Wednesday, February 2, 2011

Disappearing Car Marque Books


I suppose it's yet another generational thing.

Up until maybe five or ten years ago I used to see quite a few books dealing with automobile brands on bookstore shelves. Now, not very many.

I bought a lot of those histories of brands (Ford) and models (Mustang). Of course, once I'd gotten a pretty good grip regarding a subject, I'd have little need for another book. After a number of years I found that I was buying few car books. Most of my recent purchases were made while traveling in Europe and had to do with English, French and German brands.

This business about the trend toward fewer car history titles (shop manuals and similar books excluded) came to my attention over the last few months. In November I stopped by the Blackhawk museum in Danville, California and noticed that there were hardly any books on the shelves of its store. Instead I saw mostly model cars of different sizes and prices. A few weeks ago I was in the shop of the "National Automobile Museum" in Reno, Nevada (I added quote-marks because I find the name pretentious). Car books had all but disappeared. New car books, that is; what they had was lots of used books and magazines.

The conclusion that makes most sense to me is that younger people aren't as car-nutty, on average, as previous generations. When I was a kid, getting a car was a huge deal. Perhaps nowadays the Huge Deal is having an iPad.

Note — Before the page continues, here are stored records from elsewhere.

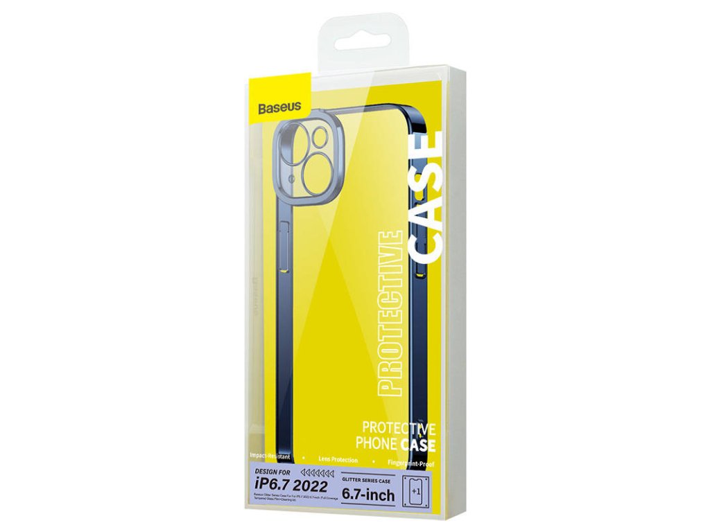 Baseus Glitter Transparent Case and Tempered Glass Kit pro iPhone 14 Plus (modrý)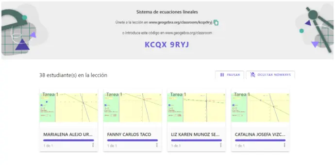 Los ejercicios de Geogebra fueron integrados en la plataforma Google Classroom para que los estudiantes pudieran acceder a ellos de manera sencilla. Se compartió los enlaces de los recursos interactivos en el Aula Virtual del curso en el foro de novedades y consultas al docente.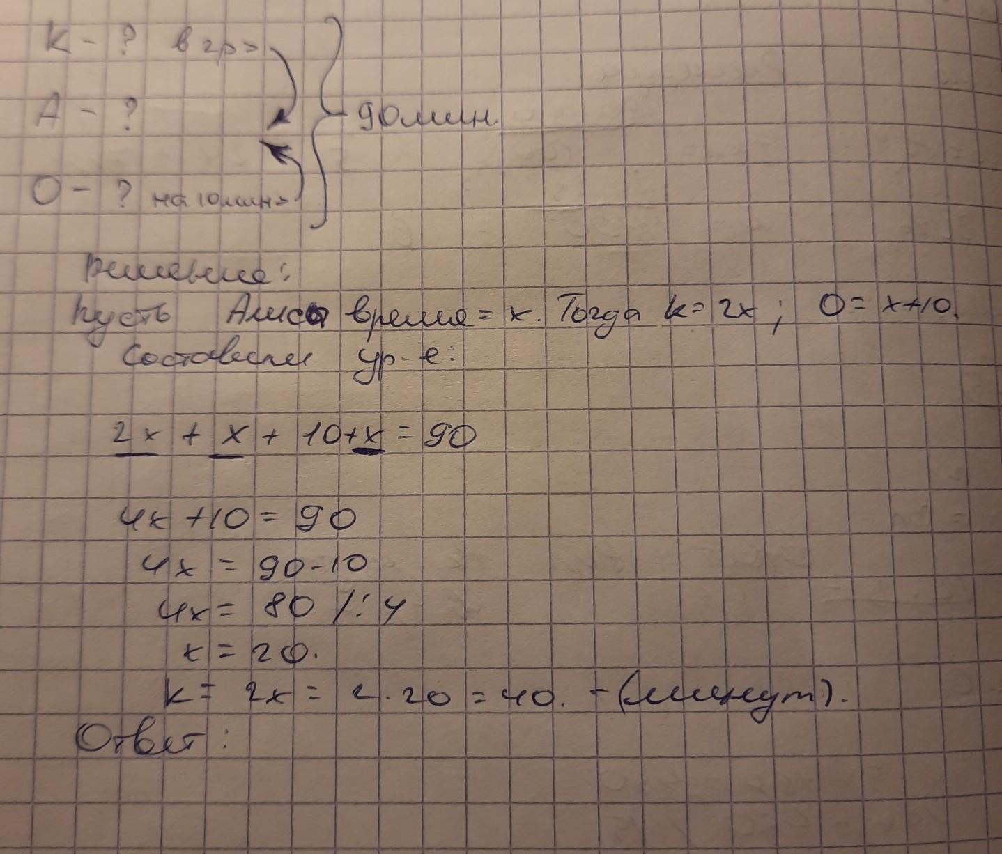 Оле на уборку требуется на 10 минут больше, чем Алисе. В общей сложности они тратят 90 минут на уборку своих комнат. Сколько времени нужно Кате, чтобы убрать свою комнату?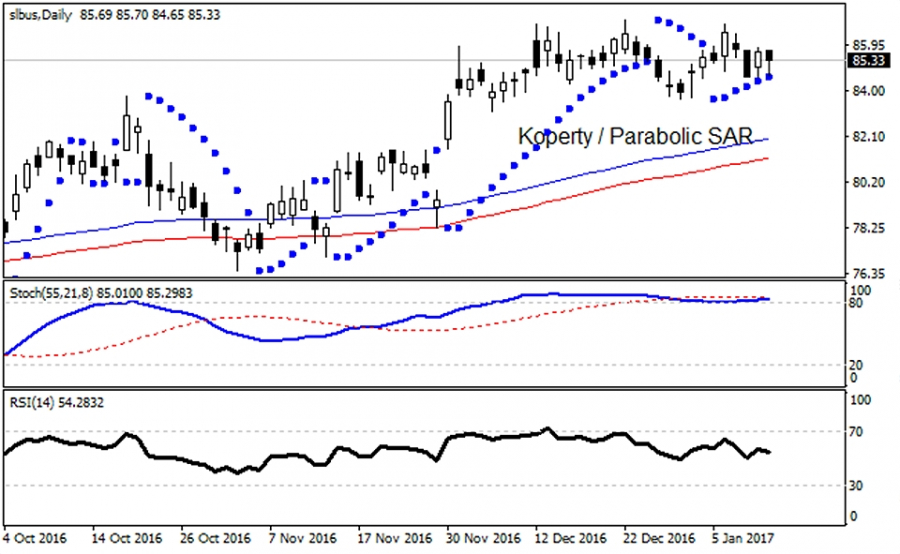 Ostatnie pięć miesięcy handlu przyniosło słabą zwyżkę akcjogramu (SLB ) o blisko 6,5%. Kurs umacniał się w drugim półroczu 2016 roku z rejonu 74 USD do wartości 87 USD, co wykształciło 16% zakres zmiany. Wybicie górą ponad 87 USD powinno zostać uznane przez rynek za próbę wznowienia dłuższej czasowo fali wzrostowej. Aktualnie popyt może napotkać przy ww. barierze aktywizację ze strony sprzedających, ale warto pamiętać o czynnej luce spadkowej z 19 czerwca 2015 roku (zakres 88,63 - 87,57 USD), która istotnie przyciąga kurs. Okoliczne wsparcia pozwalają na reaktywację popytu, jeśli cenowo uda się wyprowadzić kontrę z obszaru 84,05 - 83,23 USD lub jeśli w dalszych tygodniach kurs nie przebije utworzonego dołka 83,95 USD wg CCI dn. 30 grudnia 2016 r. W przeciwnym razie kurs będzie zniżkował do strefy 82,72 - 78,46 USD.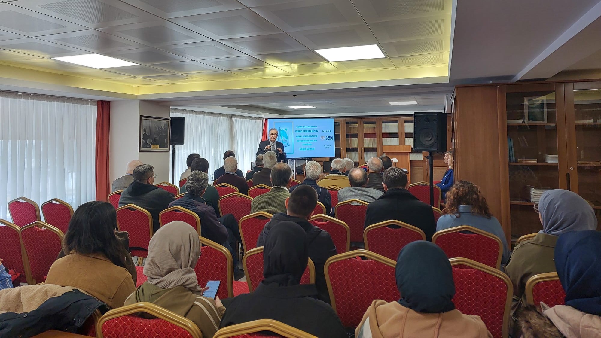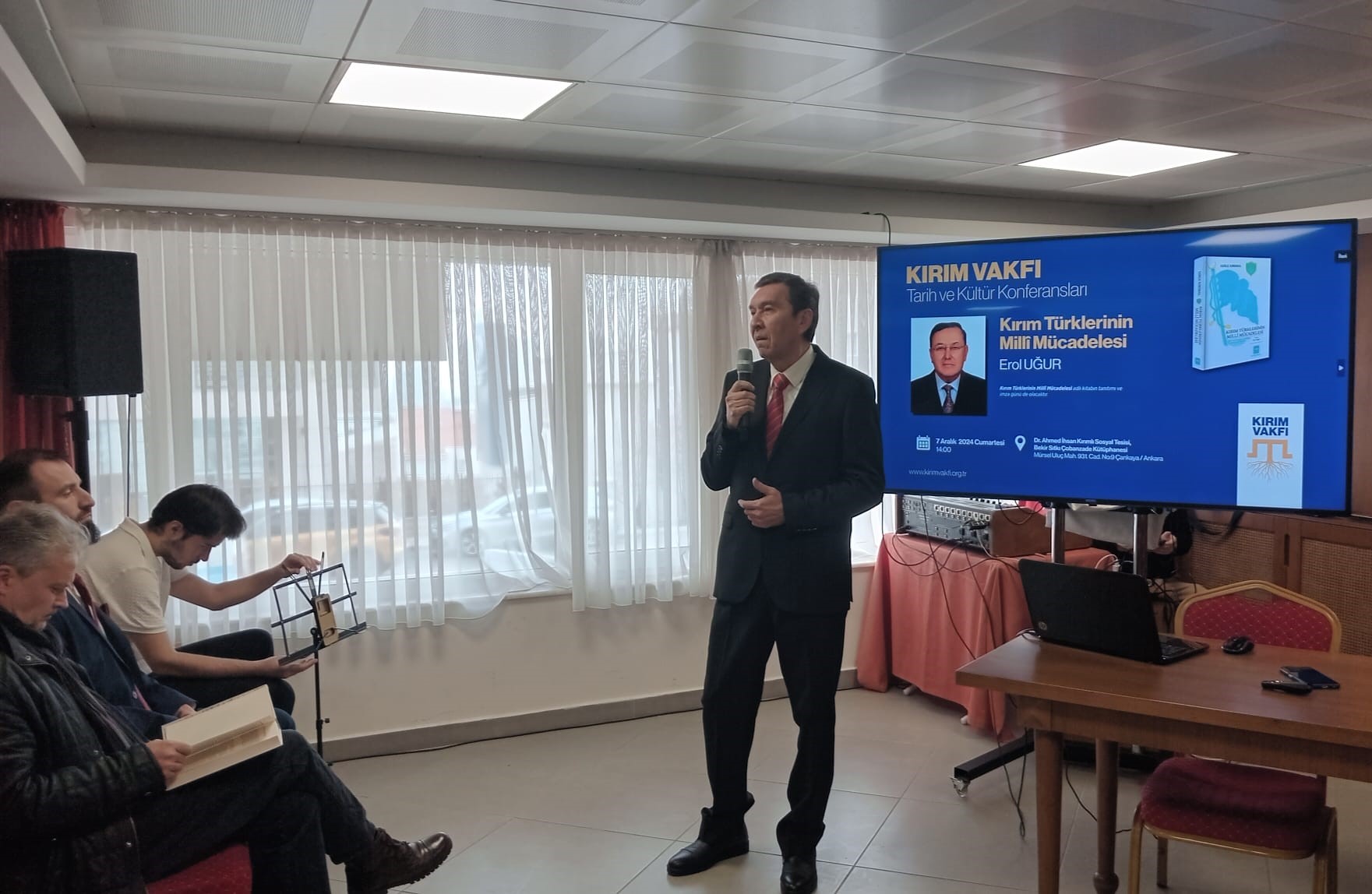 Emekli Tuğgeneral Erol Uğur, Kırım milli hareketine yönelik bütün çalışmalarda Dr. Edige Kırımal’ın doktora tezi olan ve 1952 yılında yayınlanan “Der nationale Kampf der Krimtürken” adlı eserin verildiğini, ancak bugüne kadar neden Türkçeye tercüme edilmediğini ve bu sorunun cevabını uzun süre aradığını belirterek konferansına başladı.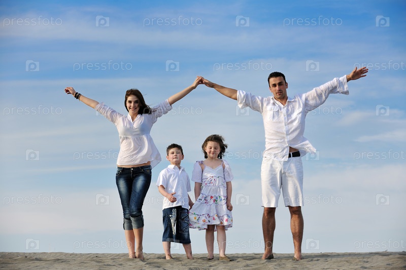Дети под защитой родителей на морском пляже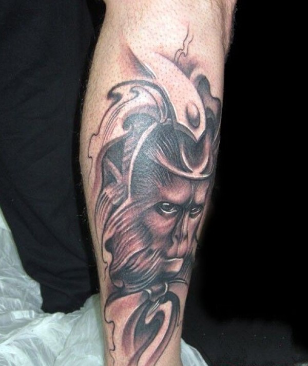 小腿叛逆的齐天大圣孙悟空纹身图案

Any thoughts and commiserations are appreciated by this confused, blind-sided blogger.

2 comments:

dearieme said...

Sorry, off topic, but have you seen this?
http://www.googleartproject.com/

dearieme said...

I suppose that many interests start in the teenage years - mine included motorbikes and aircraft but not cars. Cars were a bit quotidian (a word I've never used before - thanks for the opportunity).